Because online gambling is outlawed in the United States through federal laws and many state laws as well, most prediction markets that target U.S. users operate with "play money" rather than "real money": they are free to play (no purchase necessary) and usually offer prizes to the best traders as incentives to participate. Notable exceptions are the Iowa Electronic Markets, which is operated by the University of Iowa under the cover of a no-action letter from the Commodity Futures Trading Commission, and PredictIt, which is operated by Victoria University of Wellington under cover of a similar no-action letter.[14]

Controversial incentives

Some kinds of prediction markets may create controversial incentives. For example, a market predicting the death of a world leader might be quite useful for those whose activities are strongly related to this leader's policies, but it also might turn into an assassination market.[15]

Public prediction markets

There are a number of commercial and academic prediction markets operating publicly.
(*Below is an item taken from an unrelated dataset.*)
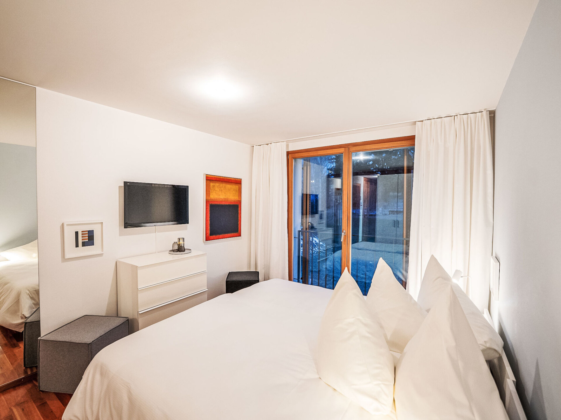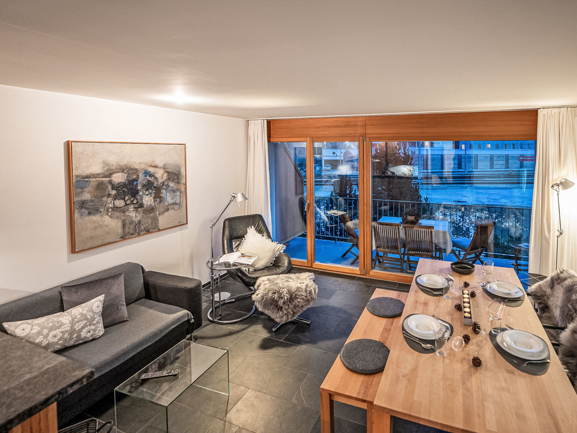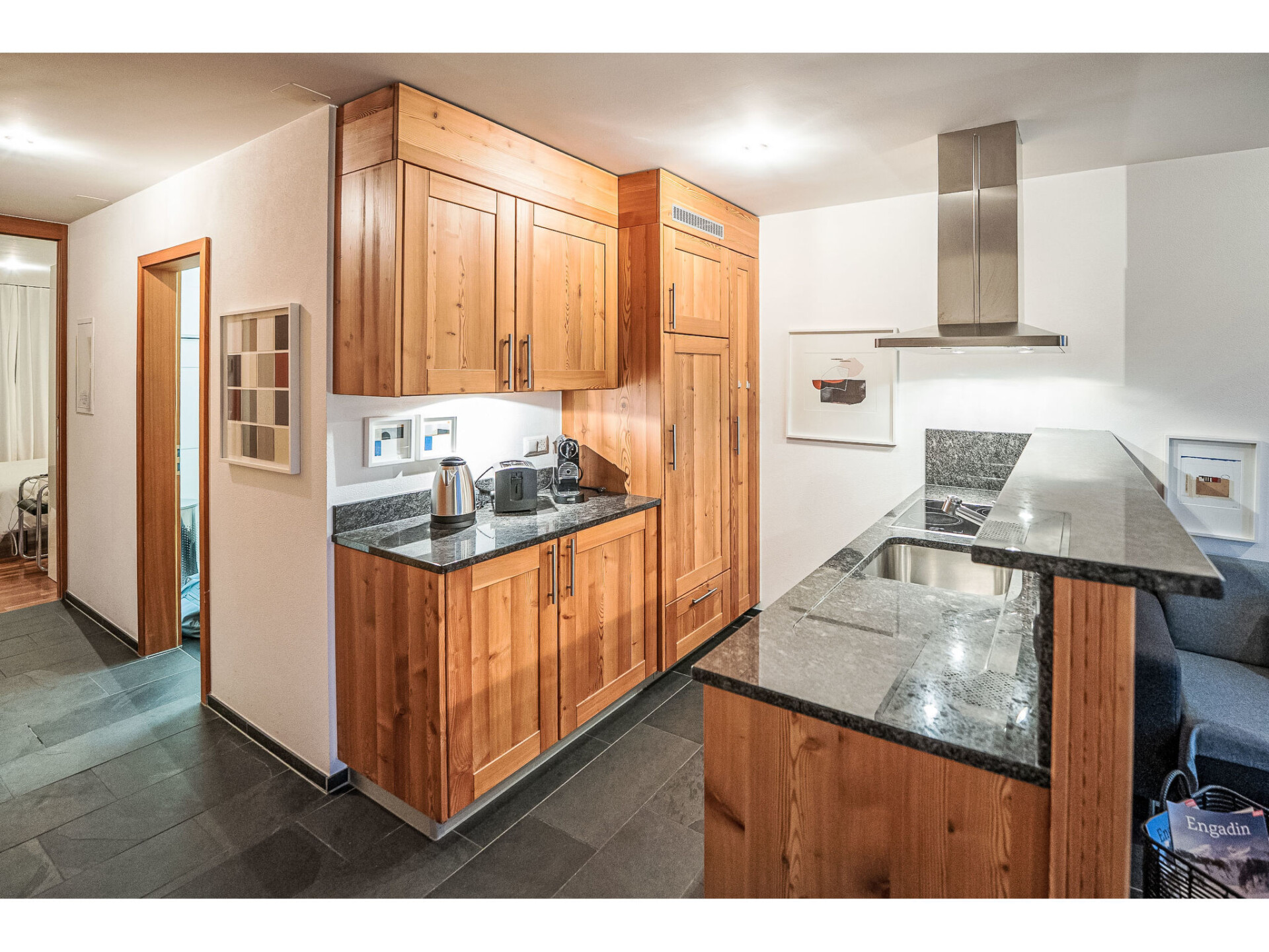 "Chesa Promulins", appartement 2-kamers 50 m2 op de 2e verdieping. Licht, comfortabel en mooi ingericht: woon-/eetkamer met panoramavenster met open haard en TV (Flatscreen TV). Uitgang naar het balkon. 1 2-pers. kamer met 1 2-pers bed (2 x 90 cm, lengte 200 cm), TV (Flatscreen TV). Open keuken (oven, afwasmachine, 4 keramische glas kookplaten, broodrooster, waterkoker, elektrische koffiemachine, pads voor de koffiemachine (Nespresso) extra, raclette oven, fondue Set (kaas)). Bad/WC. Verwarming. Balkon 6 m2. Balkonmeubilair. Uitzicht op de bergen en de plaats. Ter beschikking: haardroger. Internet (WiFi). Garage nr. 28 (1 Auto), hoogte 210 cm, breedte 230 cm. Niet rokers woning, rookvrij huis. Maximaal 2 huisdieren/honden toegestaan.

  • By far the largest is Betfair which had a valuation in the region of £1.5 billion GBP in 2010.[16]
  • The Iowa Electronic Markets an academic market examining elections where positions are limited to $500.
  • Smarkets a prediction markets for sporting events.
  • iPredict is a prediction market in New Zealand.
  • Predictious is a bitcoin prediction market covering a variety of events.
  • Microsoft has launched Prediction Lab that initially focuses on 2014 U.S. Elections.
  • PredictIt is a New Zealand-based prediction market that offers prediction exchanges on political and financial events. PredictIt is owned and operated by Victoria University of Wellington with support from Aristotle, Inc. The market was launched on November 3, 2014. PredictIt's office is located in Washington, D.C.
  • SciCast is a combinatorial prediction market that focuses on science and technology forecasting. As of summer 2015, the market is closed as it seeks more funding.
  • Hypermind is a French prediction market covering a range of political, geopolitical, and financial events.
  • Augur is a decentralized prediction market built on Ethereum set to launch in 2015.
  • Cultivate Labs runs two public prediction markets. One focused on sports, and the other focused on finance, business, politics, and technology.

Use by corporations

  • The simExchange introduced a perpetual contract that it calls "stocks" to predict the global, lifetime sales of video game consoles and software titles. These stocks do not expire like most contracts on prediction markets because the founder, Brian Shiau, argued that video game sales can continue for years.[17] The premise for these stocks is that Shiau believes the video game industry suffers from a "lack of comprehensive sales data" and he compares the information problem of a game's sales to the information problem of evaluating a company's market value. Hanson warns that such a system may not work if a connection is not enforced.[18] Keith Gamble has described the simExchange as a Keynesian beauty contest[19] and that financial markets have certain remedies such as company buy-outs that cannot happen on the simExchange. Gamble concludes that such a prediction market can work but will be confined to play money.[20]
  • Best Buy, Motorola, Qualcomm, Edmunds.com, and Misys Banking Systems are listed as Consensus Point clients.[21]
  • Hewlett-Packard pioneered applications in sales forecasting and now uses prediction markets in several business units. Mentioned in academic publications from HP Labs. Also mentioned in Newsweek.[22] It is working towards a commercial launch of the implementation as a product, BRAIN (Behaviorally Robust Aggregation of Information Networks).[23]
  • Corning, Renault, Eli Lilly, Pfizer, Siemens, Masterfoods, Arcelor Mittal and other global companies are listed as NewsFutures customers.
  • Intel is mentioned in Harvard Business Review (April 2004) in relation to managing manufacturing capacity.
  • Microsoft is piloting prediction markets internally.[24]
  • France Telecom's Project Destiny has been in use since mid-2004 with demonstrated success.[25]
  • Google has confirmed in its official blog that it uses a predictive market internally.[26][27]
  • The Wall Street Journal reported that General Electric uses prediction market software from Consensus Point[28] to generate new business ideas.[29]
  • BusinessWeek lists MGM and Lionsgate Studios as two HSX clients.[30]
  • HSX built and operated a televised virtual stock market, the Interactive Music Exchange for Fuse Networks Fuse TV to be used as the basis of their daily live television broadcast, IMX, which ran from January, 2003 through July, 2004. The television audience traded virtual stocks of artists/videos/songs, and predicted which would make it to the top of the Billboard music charts. The first of its kind, Fuse Network and HSX won an AFI Enhanced TV (American Film Institute) Award for innoviation in television interactivity.[31]
  • Starwood embraced the use of prediction markets for developing and selecting marketing campaigns. Marketing department started out with some initial ideas and allowed employees to add new ideas or make changes to existing ones. Then subsequently incentives based prediction markets were leveraged to select the best of the lot.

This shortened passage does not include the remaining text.